▽

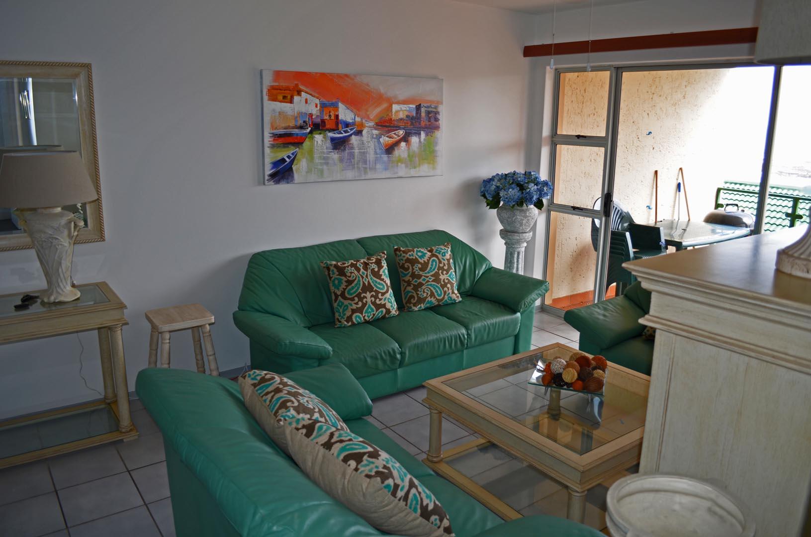 Ramsgate Palms 64 is located on the first floor of one of the best maintained and secured complexes in Ramsgate, and has direct access to the Ramsgate Blue Flag Beach which is 110m walk from the unit to the beach. The apartment is well-equipped for self-catering and also has a sea and breakers view from the balcony and main bedroom. The apartment comprises an open-plan lounge and kitchen area, two bedrooms and two bathrooms. One of the bathrooms is an en suite with a shower and the second bathroom has a bath. The main bedroom has a queen-size bed while the second bedroom has two si
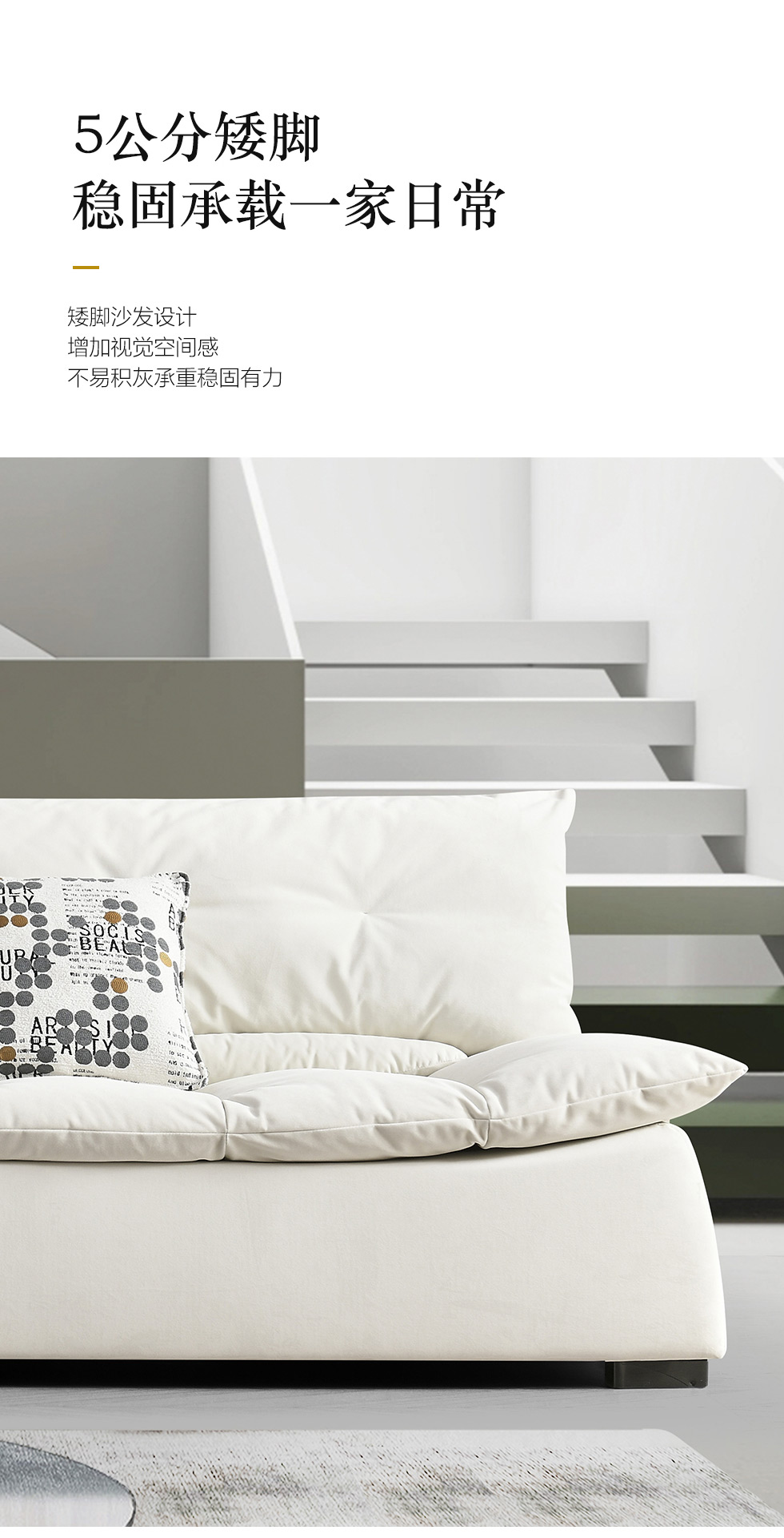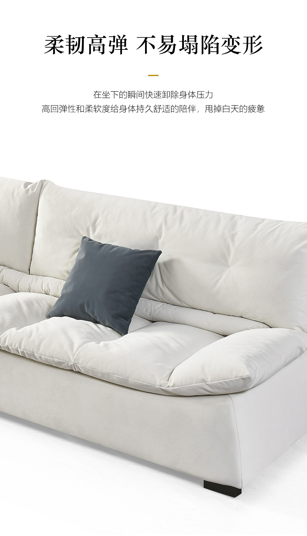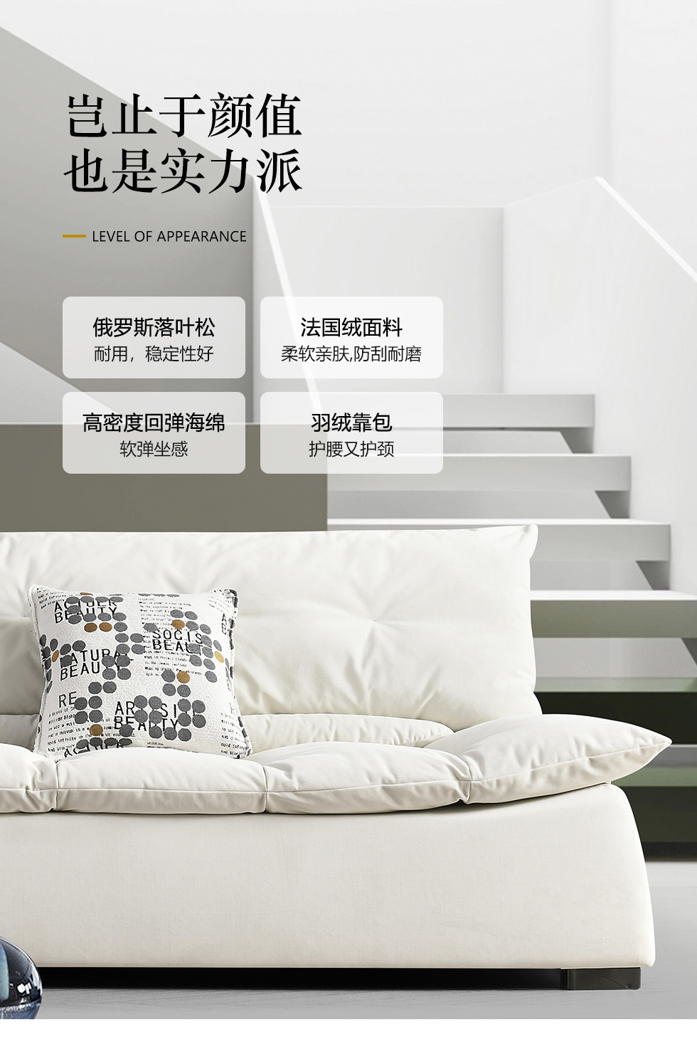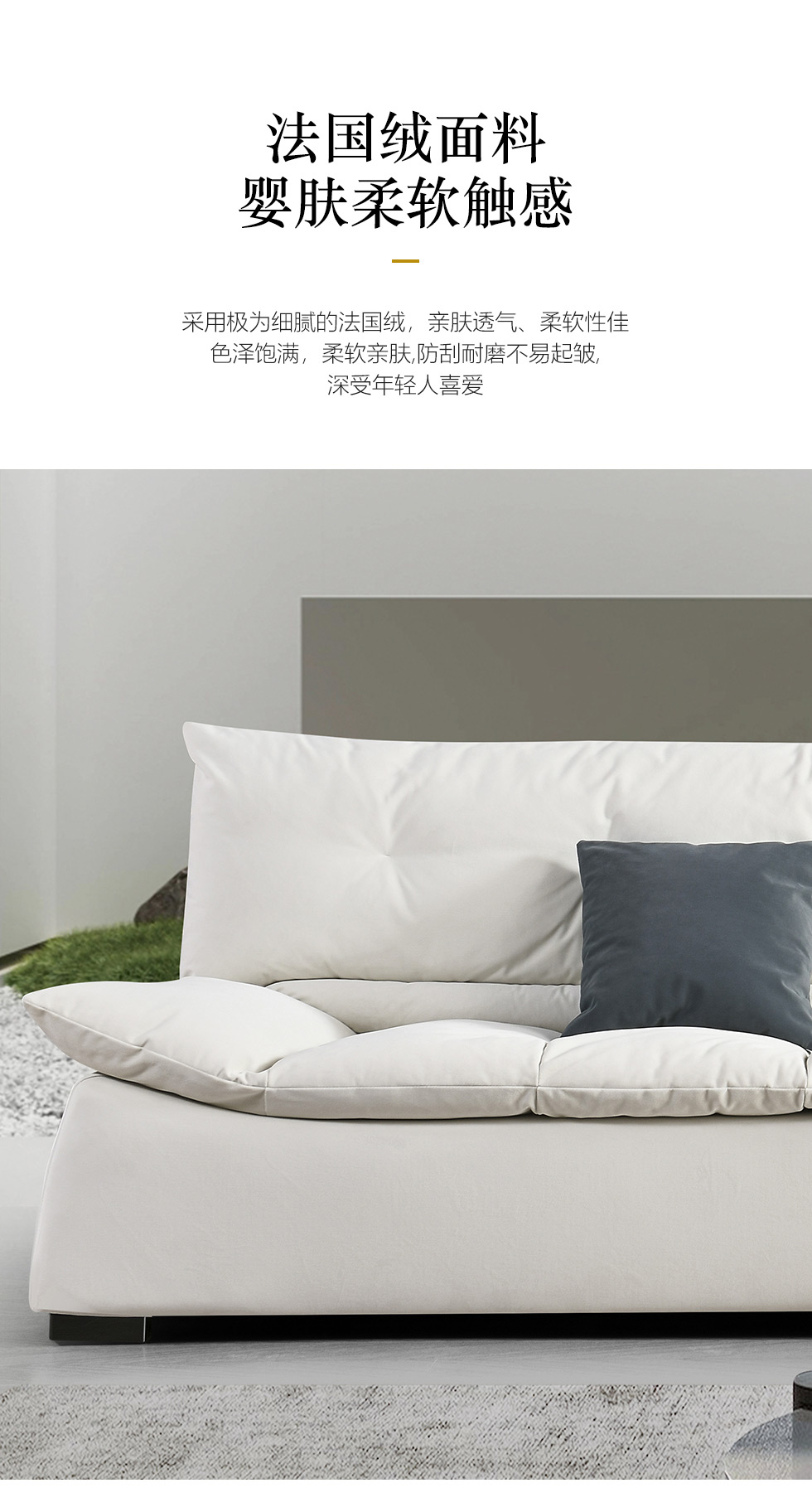 非凡工艺 现代简约 奶油风 科技绒+高密度海绵+羽绒+松木+桉木+弹簧+橡筋+网布+实木脚 3.2米 五人位分体 绒艺沙发¥13221
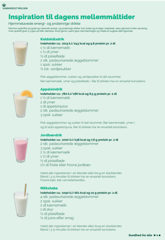 Inspiration til dagens mellemmåltider BORGER, PJECER OG BREVE 20 APR 2022 Hjemmelavede mellemåltider Hjemmelavede energi- og proteindrikke Energi- og proteinrige drikke og is der kan købes

△

Output the listing unchanged, pictures excluded.

**ANSWER FOR THIS EXERCISE**.
 Ramsgate Palms 64 is located on the first floor of one of the best maintained and secured complexes in Ramsgate, and has direct access to the Ramsgate Blue Flag Beach which is 110m walk from the unit to the beach. The apartment is well-equipped for self-catering and also has a sea and breakers view from the balcony and main bedroom. The apartment comprises an open-plan lounge and kitchen area, two bedrooms and two bathrooms. One of the bathrooms is an en suite with a shower and the second bathroom has a bath. The main bedroom has a queen-size bed while the second bedroom has two si
 非凡工艺 现代简约 奶油风 科技绒+高密度海绵+羽绒+松木+桉木+弹簧+橡筋+网布+实木脚 3.2米 五人位分体 绒艺沙发¥13221
 Inspiration til dagens mellemmåltider BORGER, PJECER OG BREVE 20 APR 2022 Hjemmelavede mellemåltider Hjemmelavede energi- og proteindrikke Energi- og proteinrige drikke og is der kan købes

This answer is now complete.